§ **What needs to be done**
The reply is to contain the full listing, repeated exactly, with pictures left out.

§ **Given data**

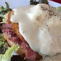 Croque Madame Savory France A croque-monsieur sandwich served with a fried egg or poached egg on top
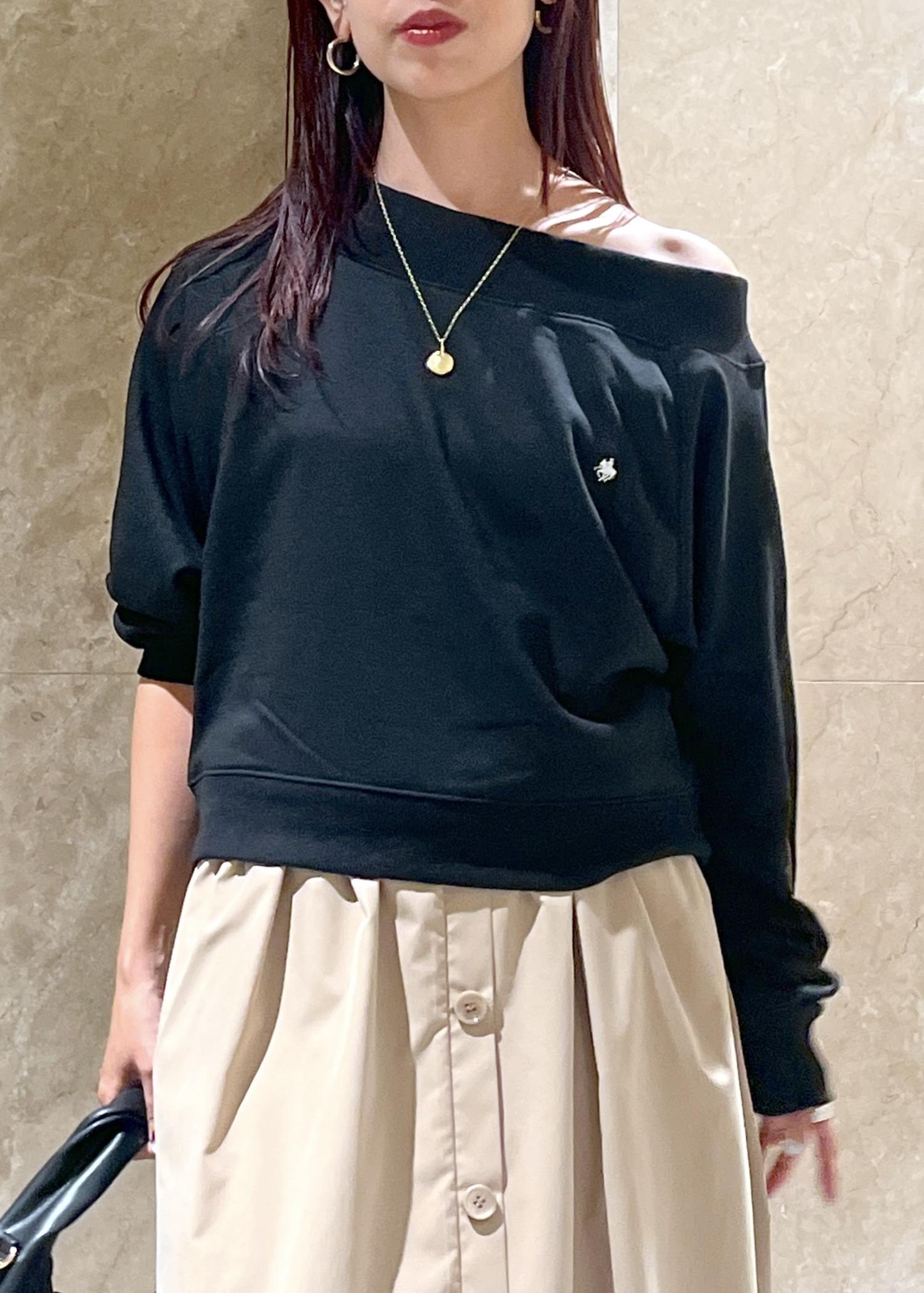 VIS【POLO BCS】VIS別注ワンショルダースウェットトップスブラック / F¥5,940レビュー身長158cm、着丈は腰あたりまで、ボトムスを選ばない長すぎず短すぎずのちょうど良い丈感。
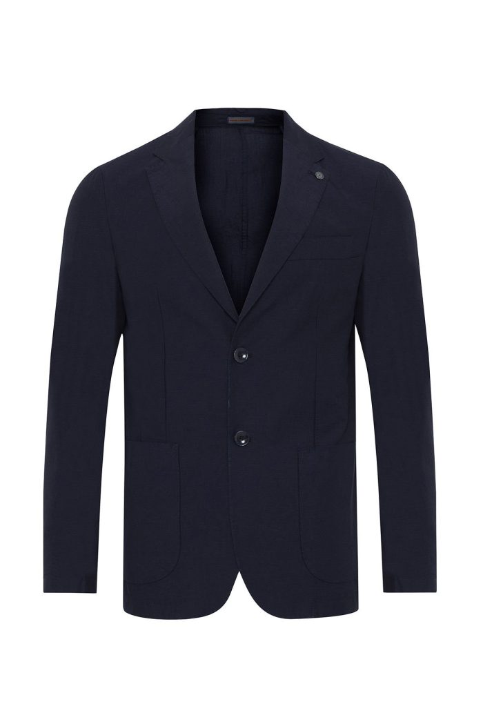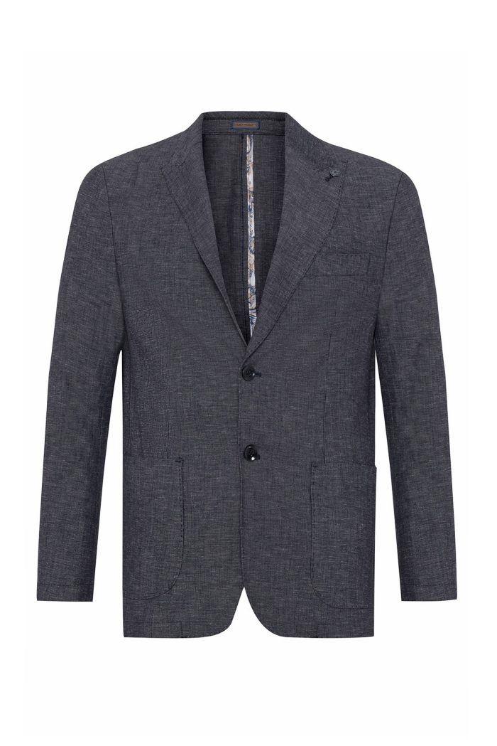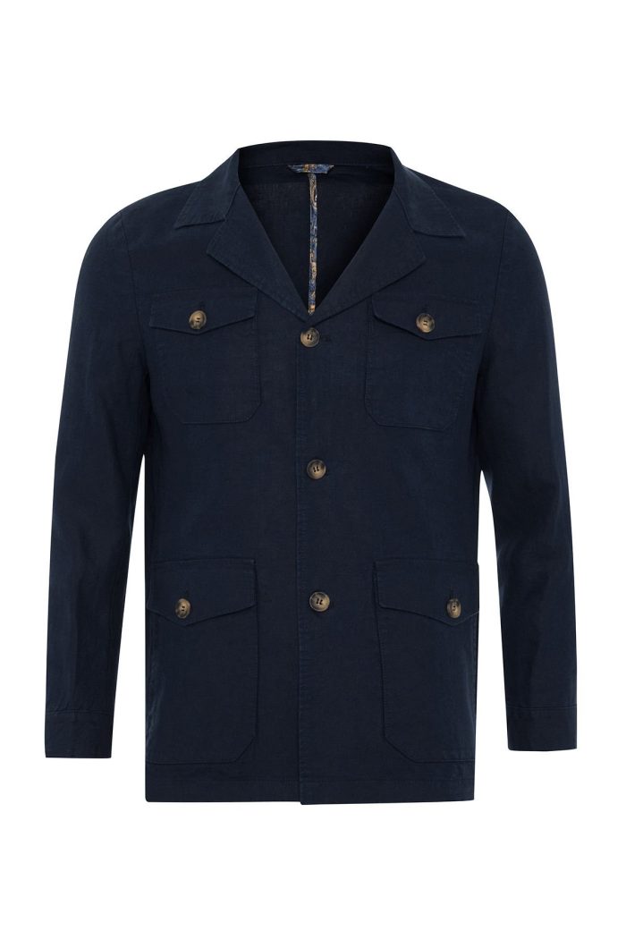 Erkek Lacivert Keten Regular Fit Yazlık Safari Ceket

§ **Expected answer**
 Croque Madame Savory France A croque-monsieur sandwich served with a fried egg or poached egg on top
 VIS【POLO BCS】VIS別注ワンショルダースウェットトップスブラック / F¥5,940レビュー身長158cm、着丈は腰あたりまで、ボトムスを選ばない長すぎず短すぎずのちょうど良い丈感。
 Erkek Lacivert Keten Regular Fit Yazlık Safari Ceket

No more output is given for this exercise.